### Task instructions
In the entries below, find the line with "Данная презентация по" and the line with "- يتميز الطقم"; reproduce those two lines and all lines between them exactly, without pictures.

(Beginning of Data for the task)

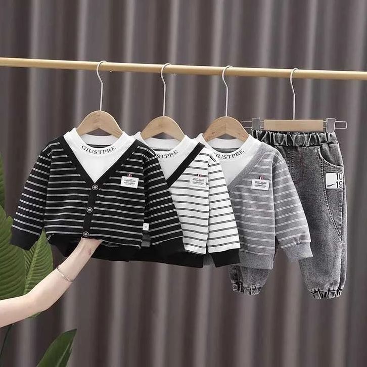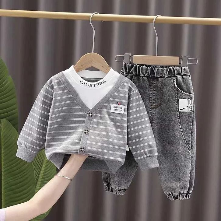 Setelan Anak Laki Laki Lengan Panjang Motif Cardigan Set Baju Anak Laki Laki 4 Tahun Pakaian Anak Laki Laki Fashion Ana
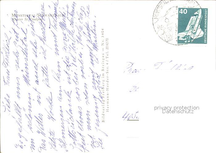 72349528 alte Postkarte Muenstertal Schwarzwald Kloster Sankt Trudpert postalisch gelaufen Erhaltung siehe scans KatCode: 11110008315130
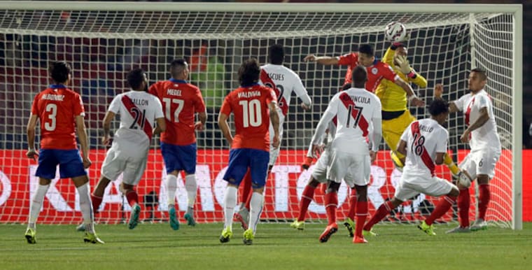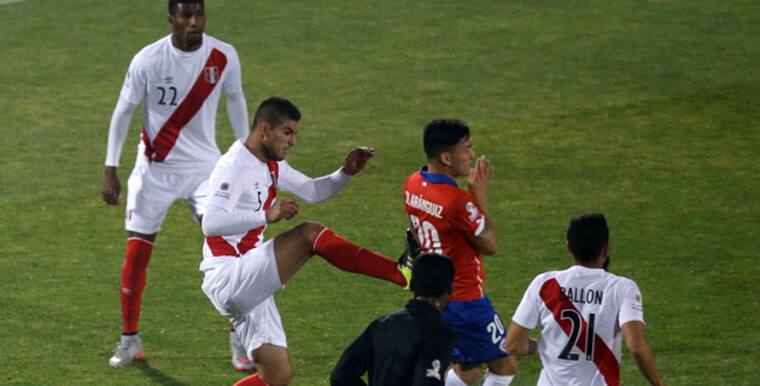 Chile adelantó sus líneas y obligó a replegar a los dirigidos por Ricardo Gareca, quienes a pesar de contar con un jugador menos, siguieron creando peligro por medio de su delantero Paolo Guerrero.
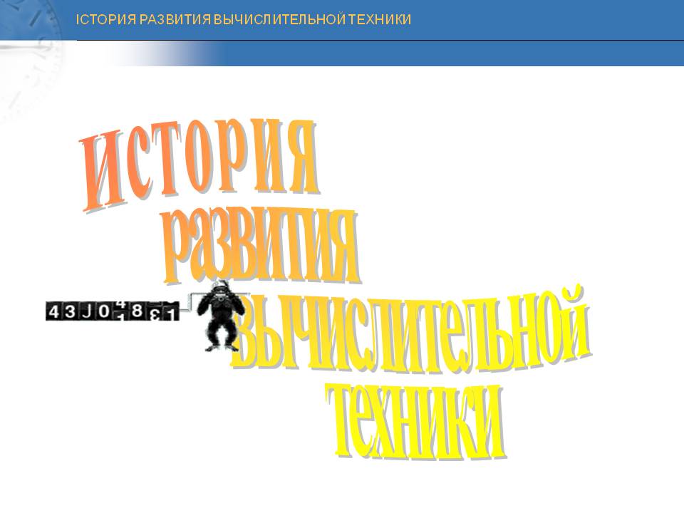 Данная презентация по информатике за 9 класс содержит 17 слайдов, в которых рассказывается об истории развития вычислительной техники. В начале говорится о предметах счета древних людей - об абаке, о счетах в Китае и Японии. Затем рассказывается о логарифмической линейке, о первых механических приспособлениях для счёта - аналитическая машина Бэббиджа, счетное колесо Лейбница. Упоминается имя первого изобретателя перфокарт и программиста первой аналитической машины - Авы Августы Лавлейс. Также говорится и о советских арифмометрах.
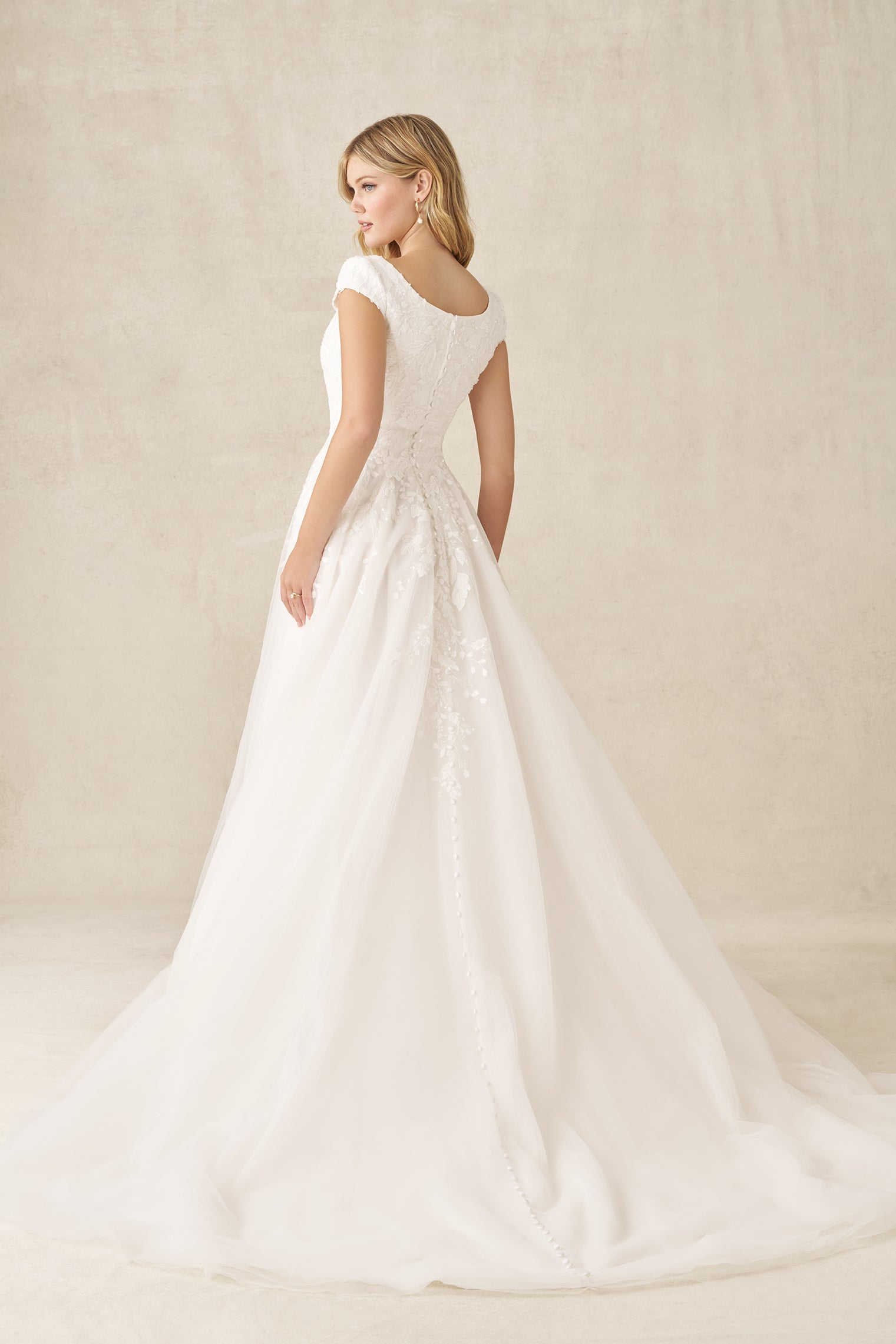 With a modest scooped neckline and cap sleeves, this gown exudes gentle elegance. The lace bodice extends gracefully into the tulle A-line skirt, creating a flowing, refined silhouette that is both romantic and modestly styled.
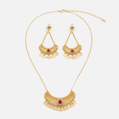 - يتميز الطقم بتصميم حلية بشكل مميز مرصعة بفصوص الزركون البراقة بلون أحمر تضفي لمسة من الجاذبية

(End of Data for the task)
(Beginning of Data for the task)

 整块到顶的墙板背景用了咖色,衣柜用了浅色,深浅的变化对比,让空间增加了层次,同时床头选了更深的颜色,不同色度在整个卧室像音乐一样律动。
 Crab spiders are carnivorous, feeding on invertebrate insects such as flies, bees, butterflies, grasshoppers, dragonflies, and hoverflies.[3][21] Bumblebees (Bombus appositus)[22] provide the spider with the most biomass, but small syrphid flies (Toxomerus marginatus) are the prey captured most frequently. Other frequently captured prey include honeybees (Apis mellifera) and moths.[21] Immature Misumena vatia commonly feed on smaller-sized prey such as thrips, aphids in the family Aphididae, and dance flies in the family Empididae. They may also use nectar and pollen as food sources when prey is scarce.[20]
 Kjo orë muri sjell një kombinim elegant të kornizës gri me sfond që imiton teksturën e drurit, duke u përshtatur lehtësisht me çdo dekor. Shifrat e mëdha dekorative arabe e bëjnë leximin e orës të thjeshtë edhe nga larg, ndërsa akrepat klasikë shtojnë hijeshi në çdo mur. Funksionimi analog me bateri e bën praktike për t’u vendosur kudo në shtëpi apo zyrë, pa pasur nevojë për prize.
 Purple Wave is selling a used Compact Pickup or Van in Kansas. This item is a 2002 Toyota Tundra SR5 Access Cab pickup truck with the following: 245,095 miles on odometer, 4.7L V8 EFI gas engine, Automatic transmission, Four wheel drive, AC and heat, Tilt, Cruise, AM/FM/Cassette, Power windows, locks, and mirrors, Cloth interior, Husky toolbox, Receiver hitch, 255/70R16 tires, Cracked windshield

(End of Data for the task)
(Beginning of Data for the task)

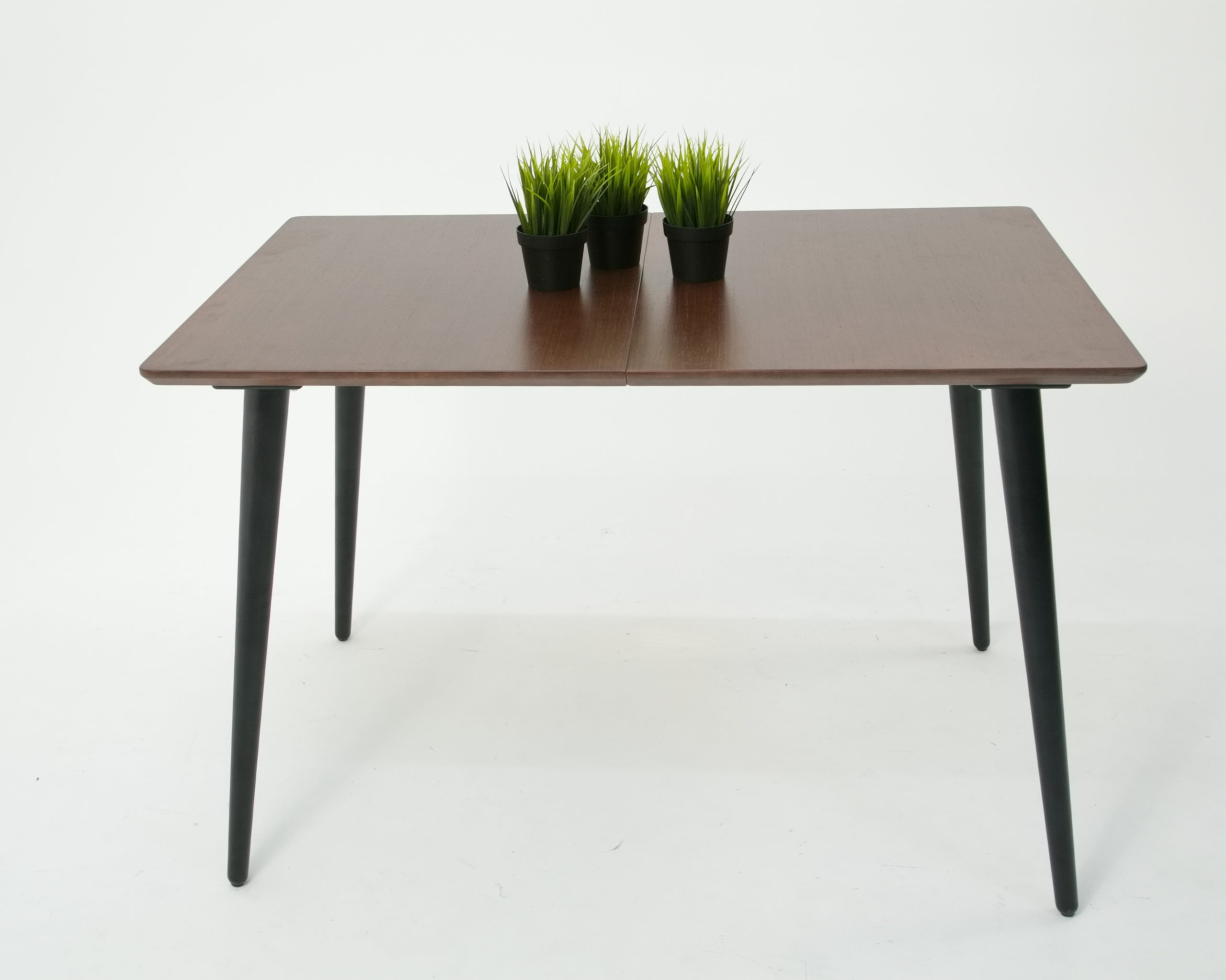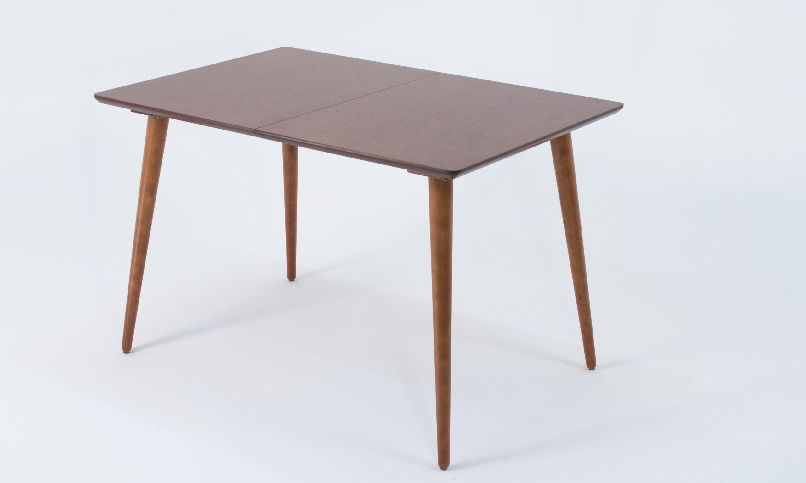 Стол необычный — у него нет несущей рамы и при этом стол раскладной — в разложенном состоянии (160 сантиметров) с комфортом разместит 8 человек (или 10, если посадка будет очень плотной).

(End of Data for the task)

### Solution to the problem
 Данная презентация по информатике за 9 класс содержит 17 слайдов, в которых рассказывается об истории развития вычислительной техники. В начале говорится о предметах счета древних людей - об абаке, о счетах в Китае и Японии. Затем рассказывается о логарифмической линейке, о первых механических приспособлениях для счёта - аналитическая машина Бэббиджа, счетное колесо Лейбница. Упоминается имя первого изобретателя перфокарт и программиста первой аналитической машины - Авы Августы Лавлейс. Также говорится и о советских арифмометрах.
 With a modest scooped neckline and cap sleeves, this gown exudes gentle elegance. The lace bodice extends gracefully into the tulle A-line skirt, creating a flowing, refined silhouette that is both romantic and modestly styled.
 - يتميز الطقم بتصميم حلية بشكل مميز مرصعة بفصوص الزركون البراقة بلون أحمر تضفي لمسة من الجاذبية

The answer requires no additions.